If they’re hiding they’re emotions, then I won’t probe them much, as I believe they will talk in their own time when they’re ready to.
If they go on and on about the same problem, I’d get a little bit hard with them, telling them to sort it out and stop moaning. Ask them if they want any help and if there’s anything I can do to help, let me know.
Almost completely oblivious to them.
A few of my good friends are generally really happy people so it’s easier to tell if something is wrong, but regardless, if I’m not sure and I feel like something is “off” I’ll just ask if everything is alright. If they choose to say ‘no’ and hide their emotions, I won’t push the subject. They’re free to tell me what they want, when and if they want to.
I have known some people who bitch and bitch about the same problem to no end and I eventually remind them that they are responsible for working through the issue and seeking help and recovery if needed. I am not a sounding board to be taken advantage of. I have known and do know people who I believe never do anything about their problems because the sympathy and pity they receive from other people is more valuable to them than actually taking action. Sounds harsh and a little far-fetched, but some people will do anything for a bit of attention, even if it means allowing their problems to control their life.
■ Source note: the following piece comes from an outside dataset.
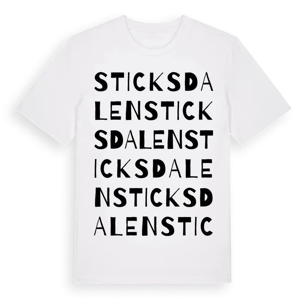 En ordlek byggd på Sticksdalens namn. Subtilt och klurig – ett motiv som bara de som verkligen känner platsen fullt ut förstår. Premium bomull, unisex – från Sticksdalen i Västra Götalands län.

I respect people who take control of their problems, even if it might take a while for them to end or subside. No one says you have to hold everything inside. We all know how relieving it can be to seek support from the friends we know will accept and listen to us and vent to them and get what’s on our mind off of our chest but there’s a difference between doing that and being an emotional leech that is stuck believing or pretending that things will never get better for them and avoiding any suggestions for progress and solution made by friends that could help them. I can tell the difference and when I start to feel like I am being used by an emotional vampire, I’ll begin withdrawing from the friendship. Those people are toxic and flipping a switch “off” and trying to ignore it won’t discontinue the unhealthiness it brings to your life.
I think there are two questions.
One is how perceptive you are.
One is how you deal with their emotions, particularly when they are negative.
To answer that, I think I’m generally pretty perceptive.
I’m also pretty emotionally practical when it comes to being there / talking through / deciding to move when it comes with dealing with their emotions. It all depends of where I am personally in my life and how much I feel that I can take or that listening is helping them. (There are things which, I think, that some people just need to figure out for themselves.)
I’m amazing at it.
Whenever my friend is upset, and I say “How are you?” They’ll say “I’m fine.” and I’ll say “Don’t lie to me.” then they’ll tell me…
Or when my friend Jazzie was upset. I looked her in the face and said “I know your family is falling apart, but I don’t think God is the right one to be mad at.” And she looked all shocked and said “How did you know that?”
I just read them. That’s all.
I tend to be somewhat oblivious to the feelings of others. When/if I finally do notice, my reaction depends largely on whether having a shoulder to cry on would actually help or whether they are just being a victim/drama queen again. Some people really do need sympathy, but I’ve run into more than a few who just need a swift kick. (My mother-in-law immediately comes to mind.)